INPUT DATA:
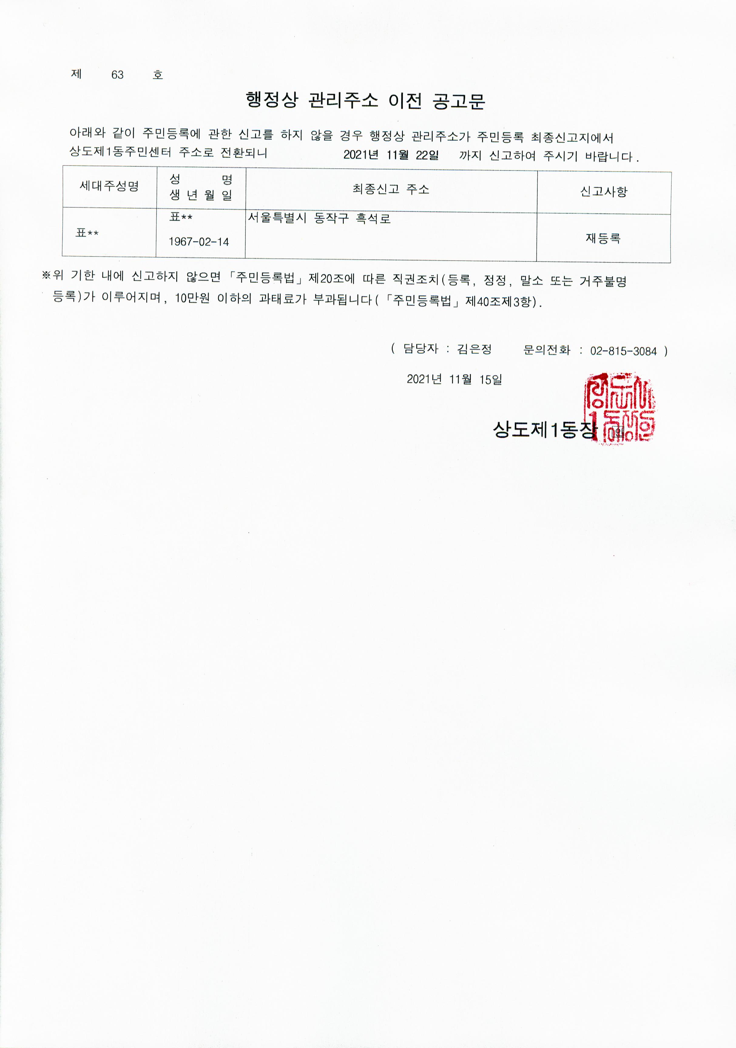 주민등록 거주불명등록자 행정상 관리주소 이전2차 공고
* * *
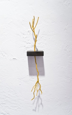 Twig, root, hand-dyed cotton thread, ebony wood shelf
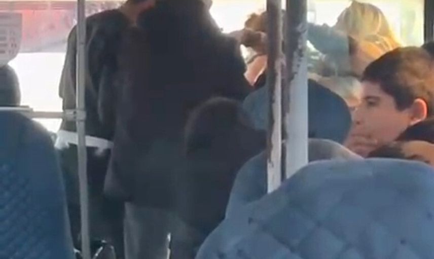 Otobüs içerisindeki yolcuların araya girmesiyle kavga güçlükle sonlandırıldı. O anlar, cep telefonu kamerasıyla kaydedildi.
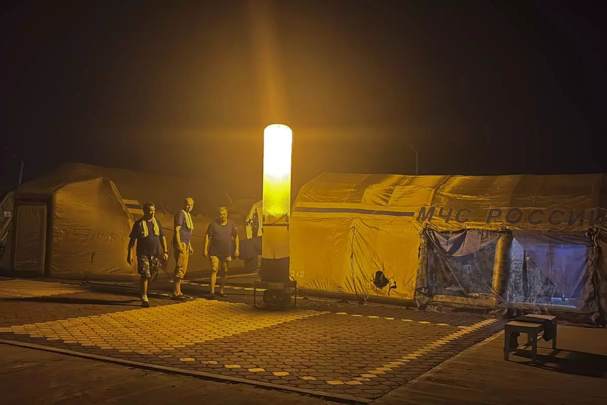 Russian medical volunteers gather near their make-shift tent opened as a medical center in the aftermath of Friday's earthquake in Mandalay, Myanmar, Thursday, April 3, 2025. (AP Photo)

WHAT TO PRODUCE: Transcribe the lines above exactly, beginning at the one with "Otobüs içerisindeki yolcuların" and ending at the one with "Russian medical volunteers". Include both; exclude the pictures.

TASK ANSWER:
 Otobüs içerisindeki yolcuların araya girmesiyle kavga güçlükle sonlandırıldı. O anlar, cep telefonu kamerasıyla kaydedildi.
 Russian medical volunteers gather near their make-shift tent opened as a medical center in the aftermath of Friday's earthquake in Mandalay, Myanmar, Thursday, April 3, 2025. (AP Photo)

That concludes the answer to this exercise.